Activity
Please return the listing below word for word, minus its pictures.

[[ Provided data, beginning ]]

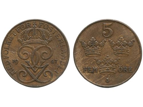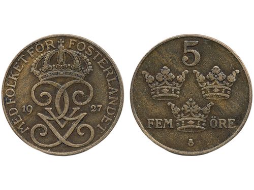 Coins, Sweden. Gustav V, MIS I.18, 5 öre 1927. 1. Coins, Sweden. Gustav V, MIS I.18, 5 öre 1927. 1. Visa mindre
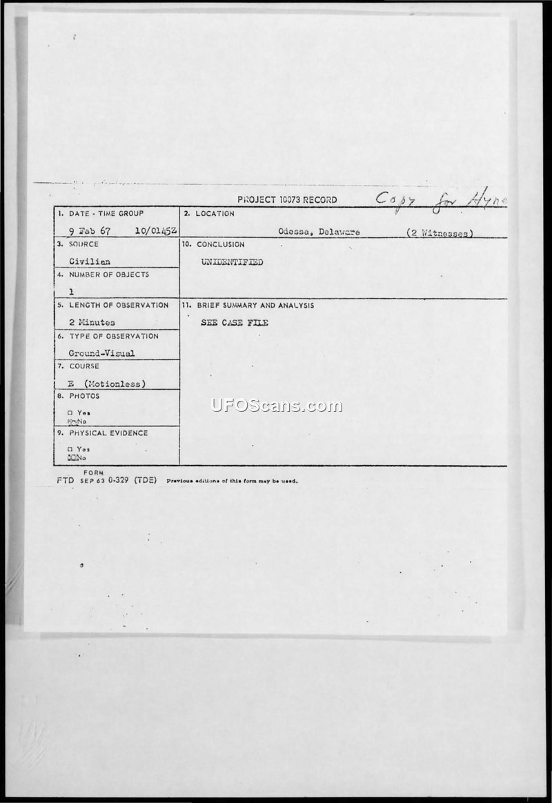 Project 10073 Record — Sighting of 9 February 1967, Odessa, Delaware
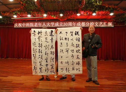 当配乐诗朗诵《老年学友》、即兴书法《嵌字祝贺中科院老大建立卅年》出现在汇演舞台上时,现场响起了热烈的掌声,这些节目以罗洪深、姜福远两位学员为校庆创作的诗歌为题材编排,是学员们对成都分校办学的肯定,也表达了他们对总校深厚的感情,更是为校庆献上的一份厚礼。
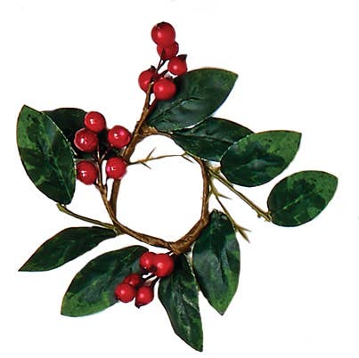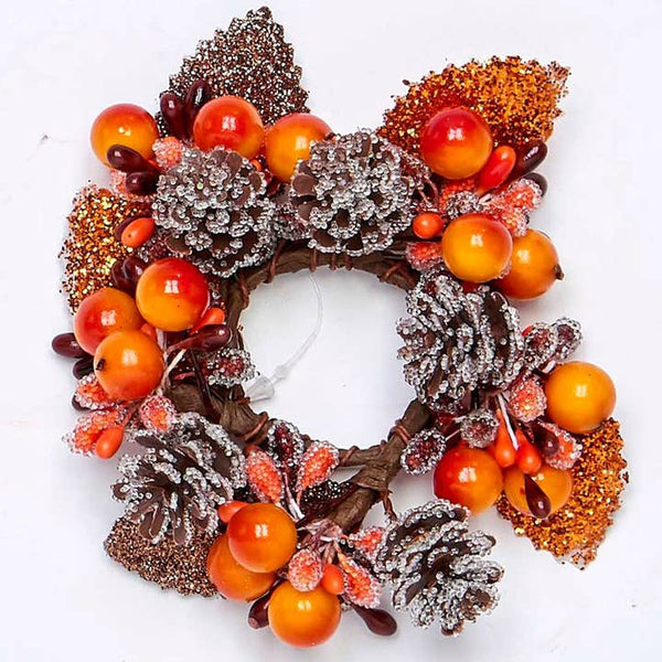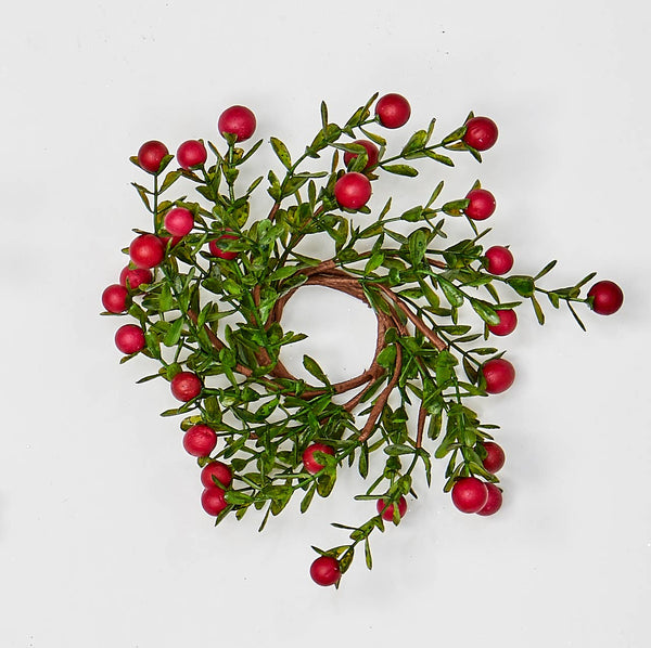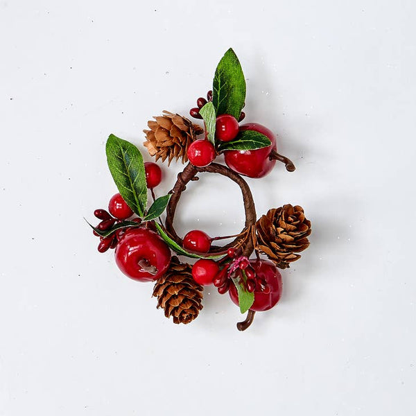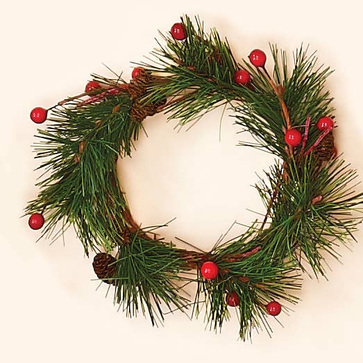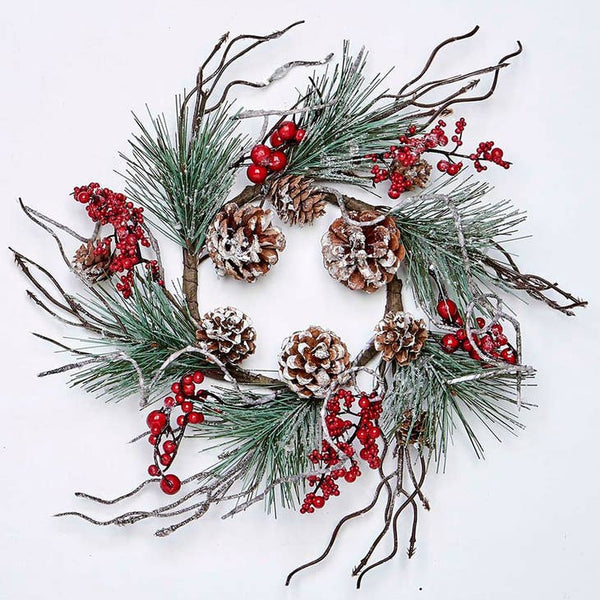 Frosted Pine Candle Ring W/Twigs & Berry 4.25"

[[ Provided data, end ]]

Written response
 Coins, Sweden. Gustav V, MIS I.18, 5 öre 1927. 1. Coins, Sweden. Gustav V, MIS I.18, 5 öre 1927. 1. Visa mindre
 Project 10073 Record — Sighting of 9 February 1967, Odessa, Delaware
 当配乐诗朗诵《老年学友》、即兴书法《嵌字祝贺中科院老大建立卅年》出现在汇演舞台上时,现场响起了热烈的掌声,这些节目以罗洪深、姜福远两位学员为校庆创作的诗歌为题材编排,是学员们对成都分校办学的肯定,也表达了他们对总校深厚的感情,更是为校庆献上的一份厚礼。
 Frosted Pine Candle Ring W/Twigs & Berry 4.25"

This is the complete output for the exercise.